Friedman em um ponto saiu da sala, e então Berkowitz disse: “Não tenho certeza do que David disse a você, mas a reunião com o presidente sobre a anexação foi muito ruim.”
Berkowitz pediu a Netanyahu que não avançasse com a medida e disse que, se o premiê insistisse, isso teria que ser feito junto com uma série de gestos significativos para os palestinos. Isso irritou ainda mais Netanyahu, que ameaçou prosseguir e realizar a mudança unilateralmente, relatou Ravid.
O enviado dos EUA disse que o primeiro-ministro era livre para fazê-lo, mas que deveria estar ciente de que isso poderia levar Trump a tweetar contra Netanyahu, e ele poderia perder o apoio do presidente.
“Você vai pegar seu maior amigo no mundo e torná-lo um inimigo. Não posso lhe dizer o que fazer, mas eu o aconselho fortemente contra isso ”, Ravid citou Berkowitz como tendo dito a Netanyahu.
Uma solução toma forma
Depois de duas reuniões entre Netanyahu, Friedman e Berkowitz, nas quais os lados não fizeram nenhum progresso, Berkowitz ligou para Kushner e os dois decidiram oferecer a Netanyahu uma cenoura em troca da anexação às prateleiras.
Em março de 2019, o Embaixador dos Emirados Árabes Unidos nos EUA, Yousef al-Otaiba, fez uma visita à casa de Kushner em Washington. Lá, ele disse ao conselheiro sênior de Trump que os Emirados Árabes Unidos queriam normalizar os laços com Israel.
Com essa reunião em mente, Kushner disse a Berkowitz para oferecer a proposta dos Emirados Árabes Unidos em troca de Netanyahu abandonar a anexação.
Netanyahu respondeu que consideraria a proposta, mas insistiu que não estava pronto para abandonar totalmente a anexação.
Berkowitz voou de volta para Washington e foi direto para a Casa Branca para atualizar Kushner. No caminho, o enviado recebeu um telefonema de Otaiba sugerindo exatamente a mesma troca – normalização para anexação de estantes.
Berkowitz chamou a conversa de “uma dádiva de Deus, um dos melhores telefonemas que já recebi na vida”, em uma entrevista no podcast da Axios.
O enviado dos EUA disse a Otaiba que por acaso ele pensou na mesma proposta. Os israelenses, os emiratis e os americanos iniciariam subsequentemente uma maratona de negociações sobre o assunto. Ravid observou que os emiratis nunca negociaram diretamente com os israelenses, já que Abu Dhabi queria ter certeza de que os compromissos israelenses estavam sendo feitos com os EUA, não com os Emirados Árabes Unidos, evidentemente não totalmente convencido da sinceridade de Netanyahu.

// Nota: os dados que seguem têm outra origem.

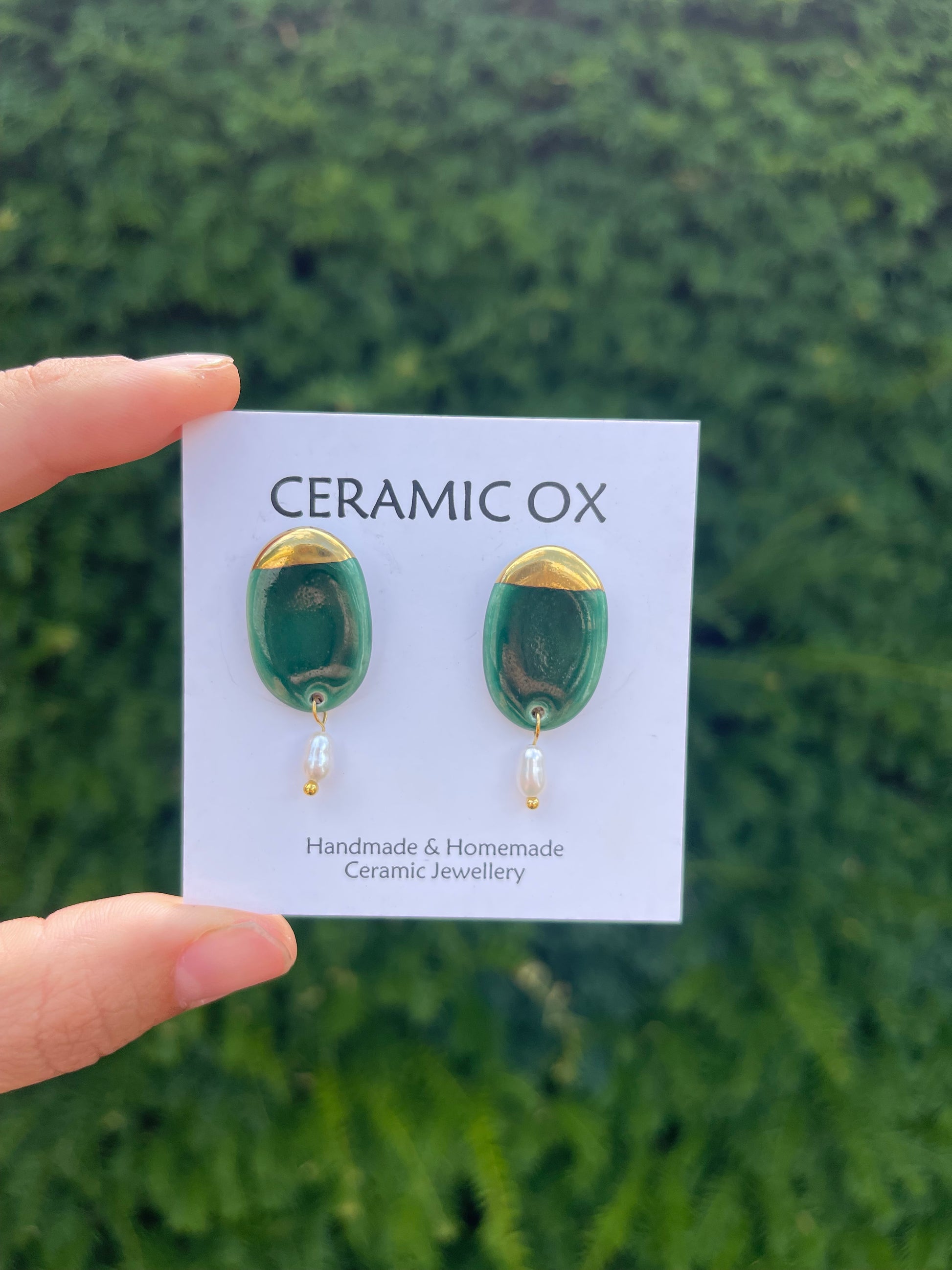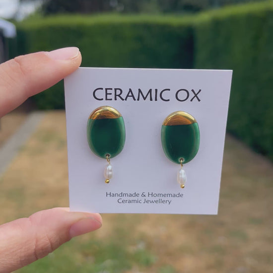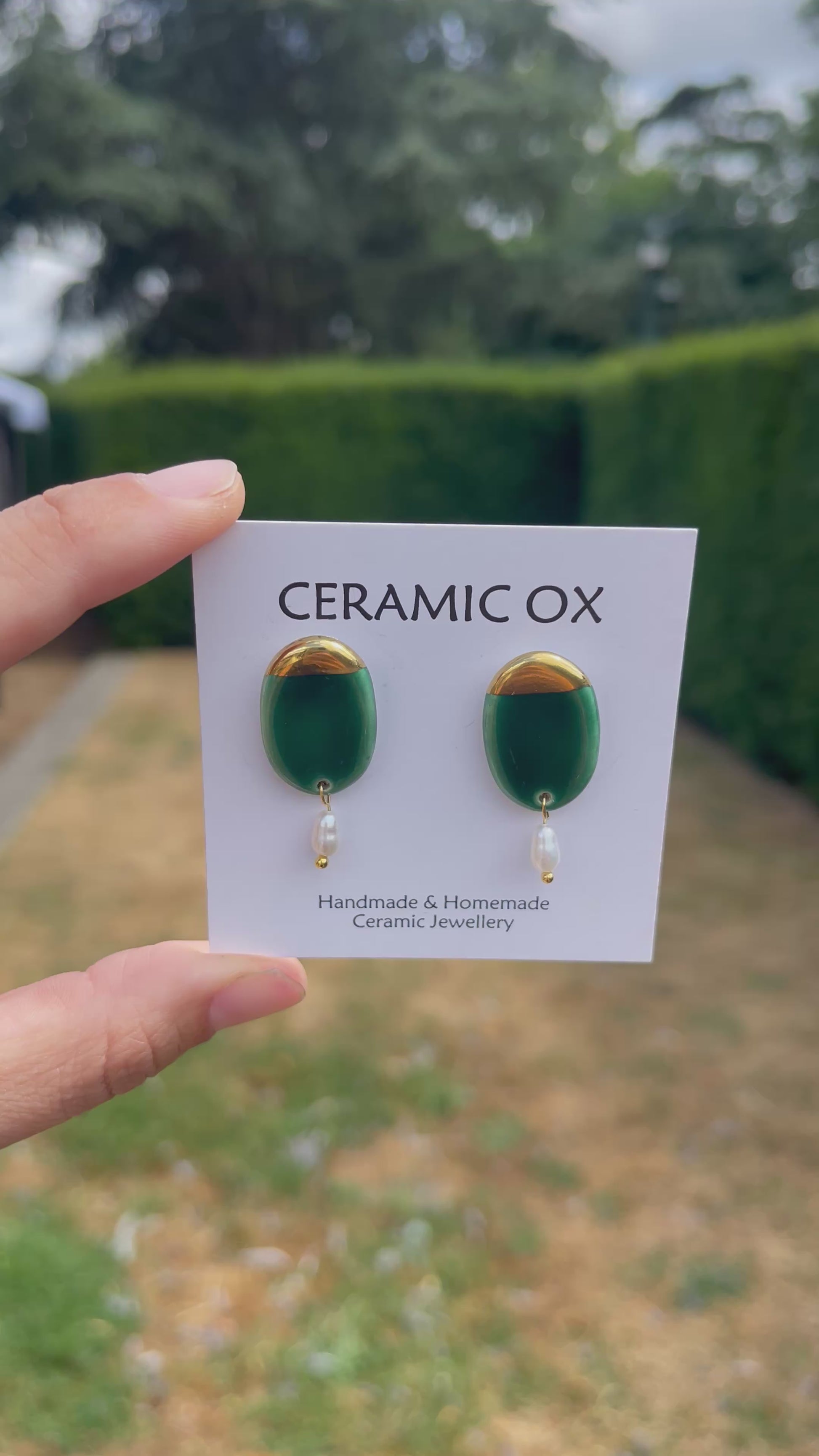 Handmade, homemade, ceramic earrings. Glazed high fire earthenware ceramic earrings fired at over 1100 with 24k gold lustre design.

Os lados conseguiram progredir, mas as negociações quase explodiram várias vezes, incluindo uma quando Dermer disse a Berkowitz que Netanyahu só abandonaria a anexação se três países árabes concordassem em normalizar os laços com Israel, não apenas um.
Berkowitz repassou a mensagem a Kushner, que ficou furioso. “Ele só vai conseguir um país e, se não quiser, pode simplesmente ir se foder”, disse Ravid, citando o genro de Trump.
Berkowitz voltou a Dermer e disse: “Vou lhe dizer com gentileza, aceite o que lhe é oferecido”.
Por fim, os lados pareceram superar todas as diferenças e uma data foi marcada para o anúncio público em 13 de agosto de 2020.
Ravid disse que no dia anterior Netanyahu se arrependeu e fez Dermer ligar para a Casa Branca para notificá-los de que o primeiro-ministro não assinaria o acordo.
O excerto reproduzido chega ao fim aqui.